New Hong Kong protests defy cops, repression

By Janet Post
October 19, 2020

Despite a severe crackdown by 6,000 police, justified by authorities using harsh COVID-19 restrictions, thousands of protesters fighting for political rights and against control from Beijing took to the streets in Hong Kong Oct. 1. The date is celebrated as National Day by the regime in China.

For the past two years workers and other fighters have mounted protests against the Chinese rulers’ increasing grip in the supposedly semi-autonomous territory of Hong Kong. Immediate demands have included direct elections and a halt to repression by the cops. Many in the protests have called for the independence of Hong Kong.

“Hong Kong people are under a lot of pressure, but we need to keep fighting for freedom,” one protester told Al-Jazeera News.

The Civil Human Rights Front applied for a permit for the Oct. 1 demonstration, but it was denied by the puppet government. The organization has mobilized millions in demonstrations since February 2019.

Under current Hong Kong COVID-19 restrictions, no more than four people are allowed to gather together in public. Protesters eluded the police mobilization by coming together in small groups to hold up a pro-democracy paper, chant slogans like “Liberate Hong Kong, revolution of our times,” or play “Glory to Hong Kong,” the protest anthem.

“Police screened whole streets of shoppers, including young children, for evidence they were protesters and placed several mostly young people, their hands secured with cable ties, on to buses,” reported the Financial Times.

At the end of June Beijing passed a national security law, on top of repressive local Hong Kong restrictions, that makes it easier for authorities to harass and jail strikers and protesters — echoing similar laws covering mainland China.

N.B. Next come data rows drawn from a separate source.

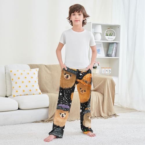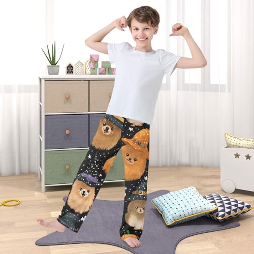 HOT ! ZZXXB Pomeranian with Witch Hat Boys Long Pants Soft Trousers Elastic Waist Kids Lounge Bottoms with Pockets S-XL
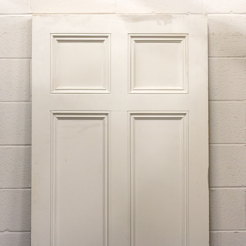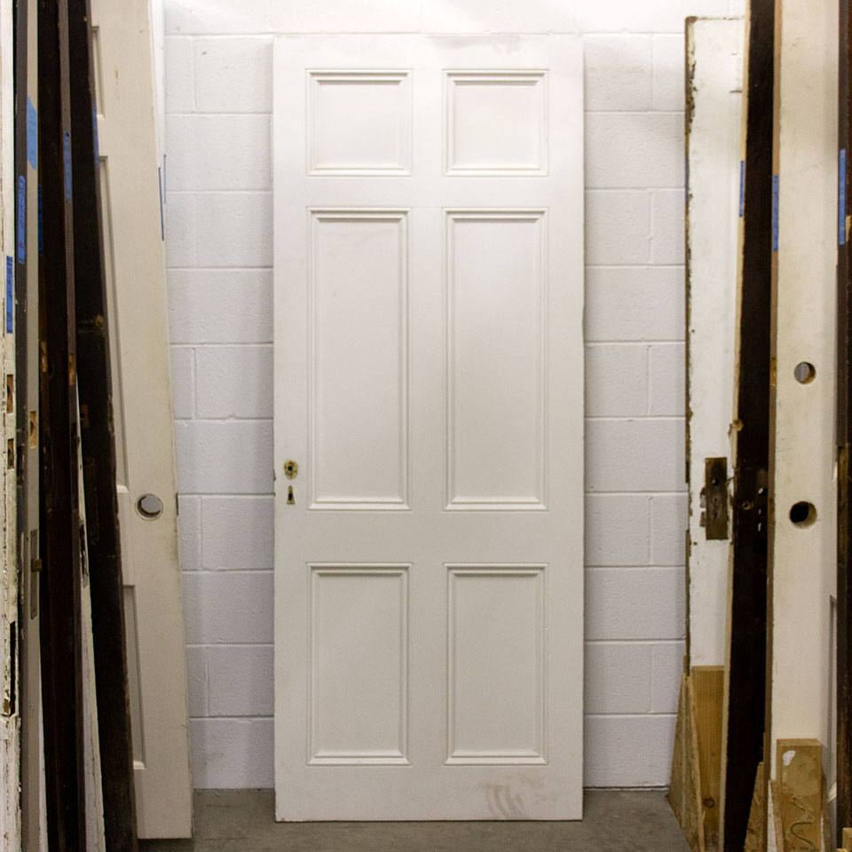 Vintage antique architectural salvage six panel interior pine wood door measuring approximately 31 3/4" wide x 80" tall x 1 5/8" thick.
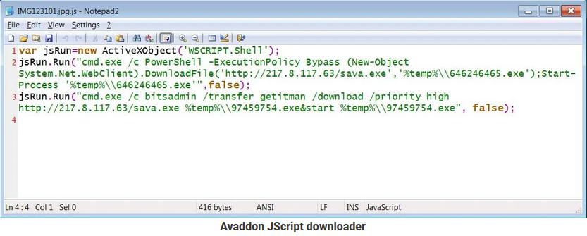 当执行时,JS附件将同时启动一个PowerShell和Bitsadmin命令来下载Avaddon勒索软件可执行文件到%Temp%文件夹并运行它。
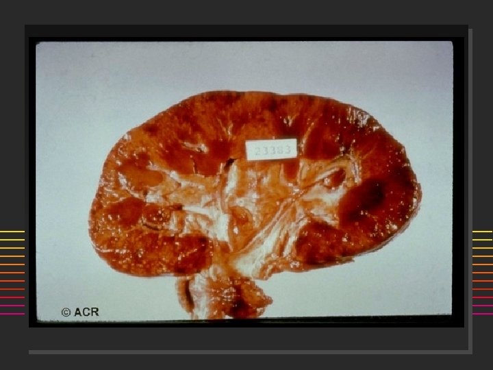 RHABDOMYOLYSIS n n n Injury to the sarcolemma of skeletal muscle with systemic release of muscle macromolecules such as CPK, aldolase, actin, myoglobin, etc Maybe LIFE-THREATENING: from hyperkalemia, met. acidosis, ATN from myoglobinuria Common causes: Et. OH, Cocaine, K+ deficiency, infection, PM/DM, infection (clostridial, staph, strept), exertion/exercise, cytokines
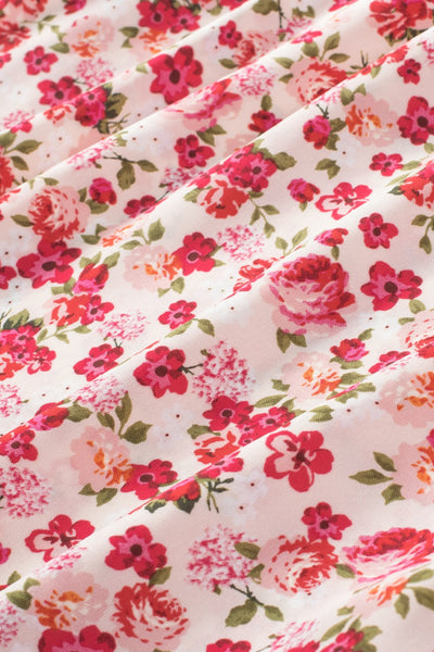 Ruffled Floral Round Neck Cap Sleeve Blouse
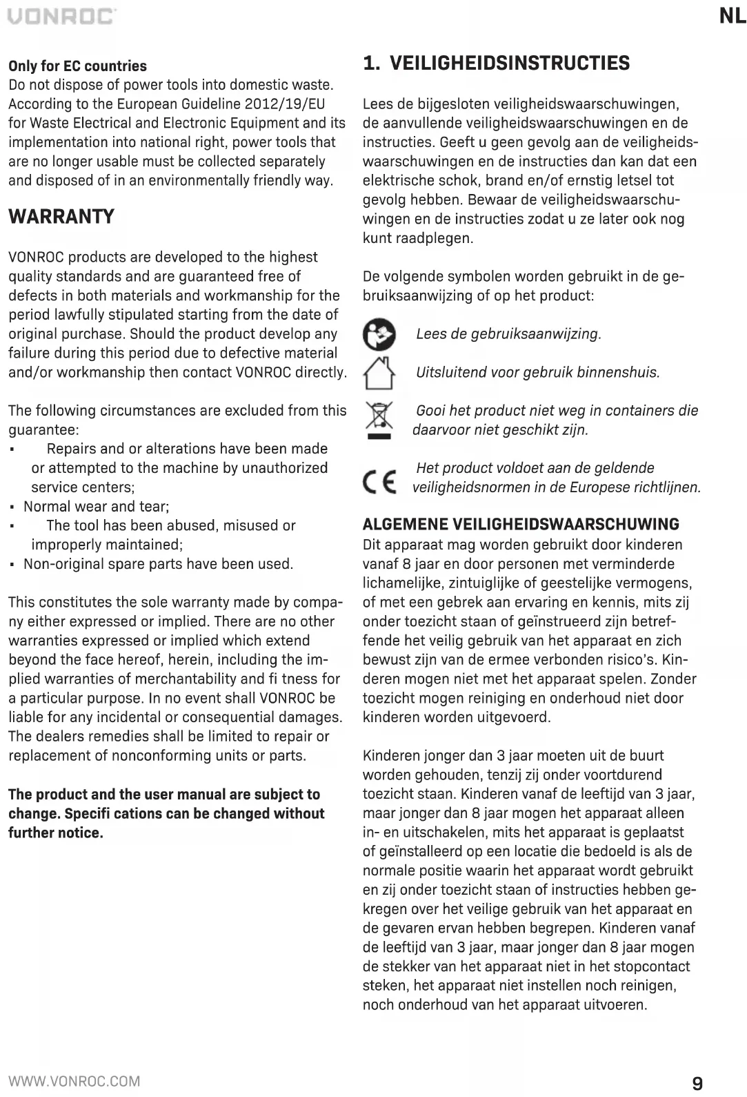 die verder strekken dan deze garantie, inclusief de impliciete garanties inzake de verkoopbaarheid en geschiktheid voor een specifi ek doel. In geen geval zal VONROC aansprakelijk zijn voor inciden- tele schade of gevolgschade. De oplossingen van de dealers zullen beperkt zijn tot de reparatie of het vervangen van niet-conforme eenheden of onderdelen. Het product en de gebruiksaanwijzing kunnen worden gewijzigd. Specifi caties kunnen zonder voorafgaande kennisgeving worden gewijzigd.
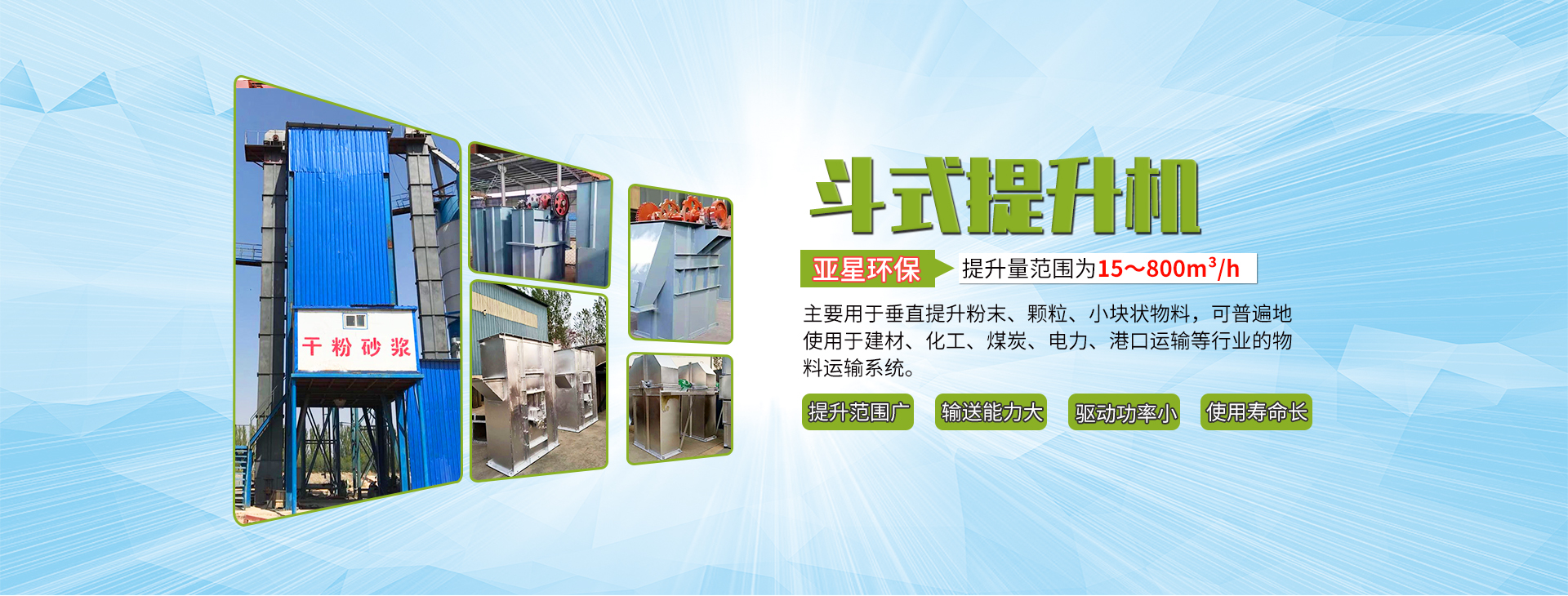 公司主要產品包括:環鏈斗式提升機、板鏈斗式提升機、皮帶斗式提升機、管式螺旋輸送機、U型螺旋輸送機、有軸螺旋輸送機、無軸螺旋輸送機、不銹鋼螺旋輸送機、刮板輸送機、皮帶輸送機、各類提升、輸送設備配件,廣泛應用于礦業、化工、冶金、建材、煤炭、港口、船舶、耐火材料等行業的物料提升、輸送、儲存等環節。
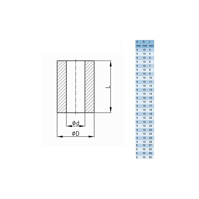 10X Plastic SPACERS M5 Thickness 4MM to 30MM ID 5MM OD 10MM WASHERS Screw Tube (Thickness L (mm) = 18)
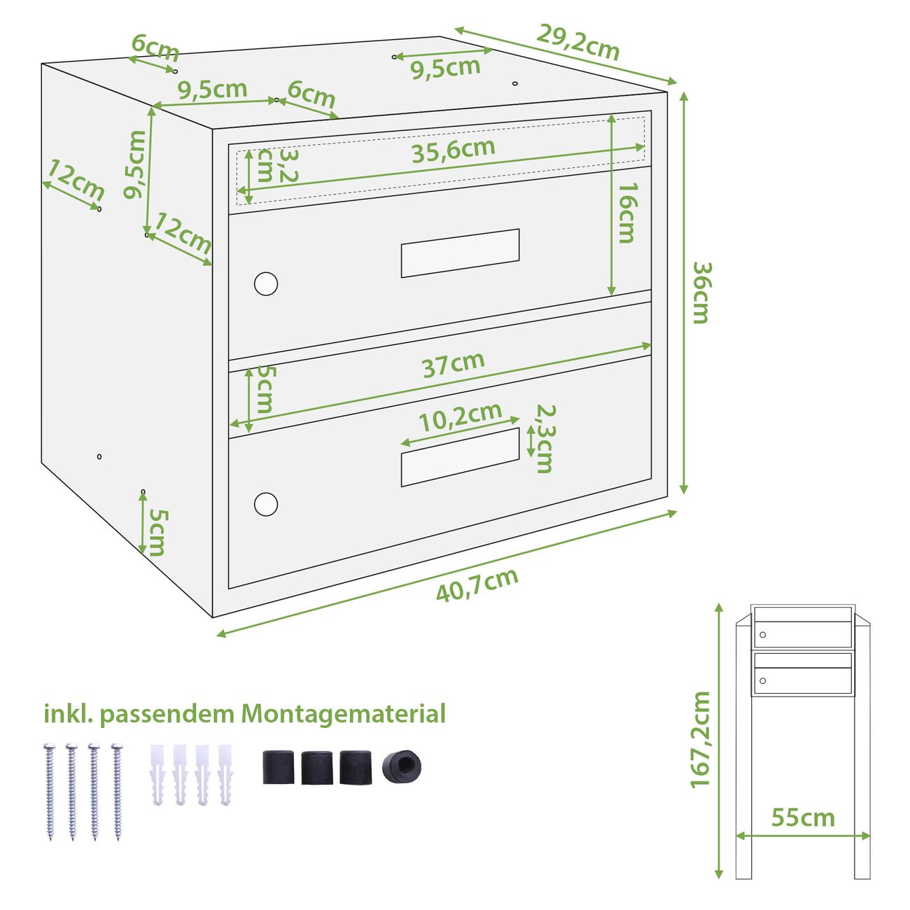 Die Briefkasten Anlage für 2 Parteien hat folgende Abmessungen 55 x 167,2 x 29,2cm. Der Mehrfamilienhaus Briefkasten mit Namensschild ist aus witterungsbeständigem Stahl gefertigt.

The measure makes political crimes punishable by up to life in prison.

Speaking to a National Day event, Hong Kong Chief Executive Carrie Lam, a hardline Beijing supporter, celebrated the new law and the crackdown. “Over the past three months, the plain truth is, and it is obvious to see, that stability has been restored to society while national security has been safeguarded,” she said.

One demand of the demonstrators was to free 12 Hong Kong pro-democracy activists now being held incommunicado in the mainland. After they evaded arrest in Hong Kong, and were attempting to escape to Taiwan, they were captured by the China Coast Guard. “If you break the law, police will bring you to justice no matter what remote corner of the earth you flee to,” stated Hong Kong Police Chief Chris Tang.

More than 10,000 people have been arrested in Hong Kong since protests broke out.

The Chinese rulers are determined to put down these actions, and to prevent resistance to their rule from spreading elsewhere in China.

“Of course [we are afraid] but despite the fear we should not stop what we are fighting for,” a 27-year-old teacher told the Financial Times. “We still want democracy and we still need freedom and we still want our Hong Kong.”